→ WORK TASK
Leaving out the pictures, retype the lines from the beginning of the listing through the line containing "为扎实推进习近平新时代中国特".

===== DATASET EXTRACT =====

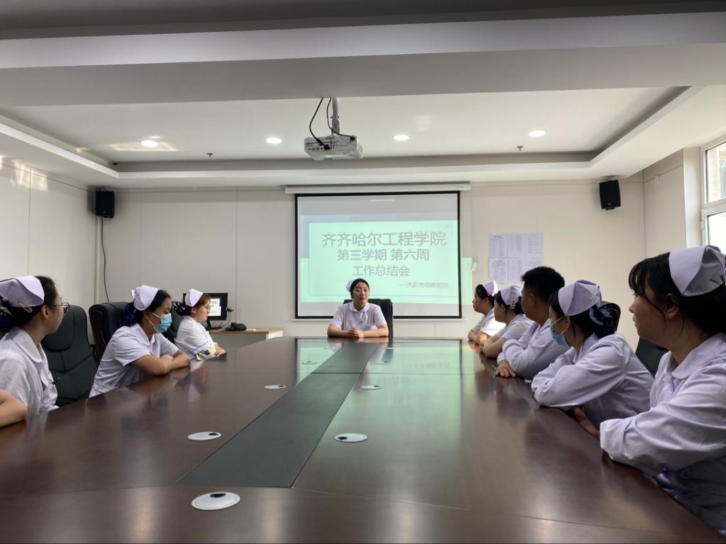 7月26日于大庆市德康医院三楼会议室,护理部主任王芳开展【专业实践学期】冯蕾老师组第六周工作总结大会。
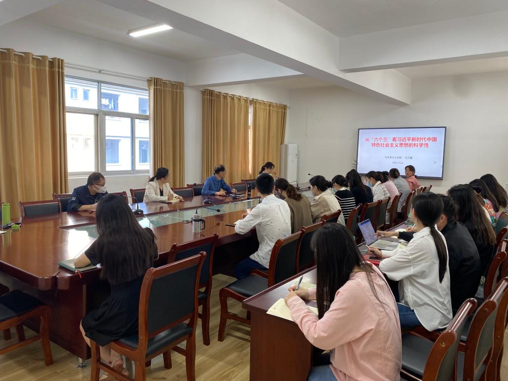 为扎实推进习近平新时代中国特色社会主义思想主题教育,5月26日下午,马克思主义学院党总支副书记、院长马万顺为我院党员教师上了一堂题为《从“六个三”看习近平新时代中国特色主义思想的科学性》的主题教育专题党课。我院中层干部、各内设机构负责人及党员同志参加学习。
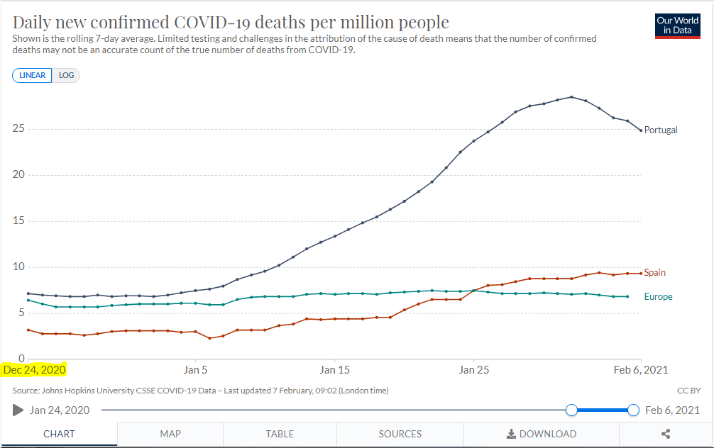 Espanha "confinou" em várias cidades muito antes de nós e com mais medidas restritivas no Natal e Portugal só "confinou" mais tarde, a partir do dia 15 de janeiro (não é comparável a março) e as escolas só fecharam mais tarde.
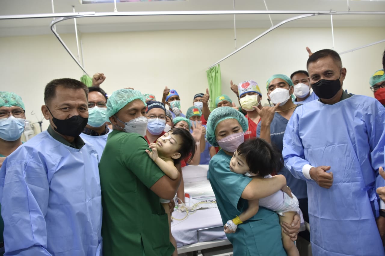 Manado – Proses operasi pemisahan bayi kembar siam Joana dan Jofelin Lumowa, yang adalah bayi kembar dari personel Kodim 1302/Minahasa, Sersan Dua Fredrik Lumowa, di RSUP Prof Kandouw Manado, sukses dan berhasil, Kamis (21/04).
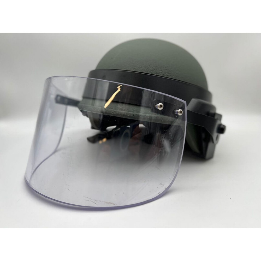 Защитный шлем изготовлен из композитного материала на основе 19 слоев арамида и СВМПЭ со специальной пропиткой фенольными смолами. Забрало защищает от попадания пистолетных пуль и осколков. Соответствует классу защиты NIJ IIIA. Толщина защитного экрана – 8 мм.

=====

→ OUTPUT OF THE TASK
 7月26日于大庆市德康医院三楼会议室,护理部主任王芳开展【专业实践学期】冯蕾老师组第六周工作总结大会。
 为扎实推进习近平新时代中国特色社会主义思想主题教育,5月26日下午,马克思主义学院党总支副书记、院长马万顺为我院党员教师上了一堂题为《从“六个三”看习近平新时代中国特色主义思想的科学性》的主题教育专题党课。我院中层干部、各内设机构负责人及党员同志参加学习。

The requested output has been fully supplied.